The problem of the know-it-all
Who connects the tools and memory? If we leave it up to the LLM in an endless chat, it gets lost. The solution is a Procedural Control Loop. The Orchestrator is a program in symbolic language, a cycle that manages the state. The LLM is used only as a "decision-making CPU" for each individual step, resetting the context each time. The cycle follows fixed steps: memory retrieval, decision, execution, update. This ensures that a shipping agent can never try to modify the database, simply because it does not have that tool in its ephemeral context.
The problem of rigidity
Adding a new tool to large systems would require manually modifying the Orchestrator code for each new case. The solution is Dynamic Discovery. The Orchestrator does not have a fixed list of agents, but queries a registry. If it finds a new plugin, it adds it to its capabilities. When the user requests a new function, the semantic router associates the request with the tool description and instantiates the agent dynamically, without the need for source code changes.
Explicit vs Implicit
How can we reconcile the need for absolute control with the fluidity required by customers? We use a dual-track architecture. The first is a syntactic router (deterministic), which looks at the form of the message for safe and fast commands. The second is a Semantic Router (probabilistic): if it does not find explicit triggers, it analyzes the vector meaning of the request to deduce the necessary agent. It is the difference between typing a DOS command and asking a colleague for a favor.
The problem of fragility
LLMs make mistakes and APIs fail. In a classic script, a technical error would cause the conversation to crash. The solution is the Reflection Loop. The error is not the end, it is new input. If a tool fails, the exception is reinserted into the LLM prompt as a system message: "Your call failed. Correct the parameters and try again." The model reads the error, corrects itself, and re-executes the call. The user often doesn't notice anything.

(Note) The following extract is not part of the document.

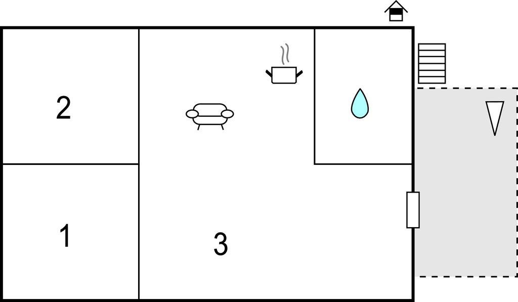 Die Unterkunft befindet sich im 2. Stock und Sie erreichen die Terrasse und den Eingang über eine Treppe. Die Unterkunft verfügt über ein größeres Wohnzimmer mit Küchenbereich, Essbereich und Sitzecke. Ein Schlafzimmer mit Einzelbett und ein Schlafzimmer mit Doppelbett sind ebenfalls vorhanden. Im Wohnzimmer gibt es ein Schlafsofa für 2 Personen und ein Badezimmer mit WC und Dusche.
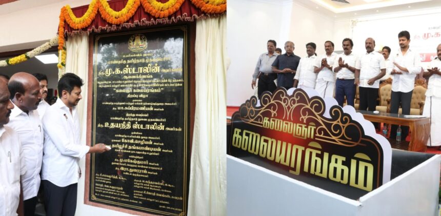 முத்தமிழறிஞர் கலைஞர் அவர்களால் தொடங்கப்பட்ட நந்தனம் அரசு கலைக்கல்லூரியில், முதலமைச்சர் மு.க.ஸ்டாலின் வழிகாட்டுதலின் கீழ், அமைச்சர் மா.சுப்பிரமணியன் அவர்கள் தொகுதி மேம்பாட்டு நிதியில் ரூ.4.80 கோடி செலவில் கட்டப்பட்டுள்ள ‘கலைஞர் கலையரங்கம்’ இன்று சிறப்பாக திறந்து வைக்கப்பட்டது.

The problem of unpredictability
How do you test software that responds with different words every time? The solution is LLM-as-a-Judge. We don't test words, we test intent satisfaction using a second LLM as a judge. We create a suite of evaluations where the "judge" determines whether the concepts expressed are correct, regardless of the lexical form used.
The problem with jailbreaking
Prompt Injection allows malicious users to manipulate the LLM to perform destructive actions. The solution is structural: Sandbox & System Authority. We isolate user input and segregate tools. A customer service agent should never have permission to delete data. We use XML tagging to encapsulate user input in the system prompt, making it clear to the model what is a command and what is just text to be processed.
Conclusion
All this to say that artificial intelligence, in order to become a product, must stop being a game of imitation and become engineering. It is better to seek a robust answer rather than a witty one. Because in the end, reliability is the only true form of intelligence that matters to those who work.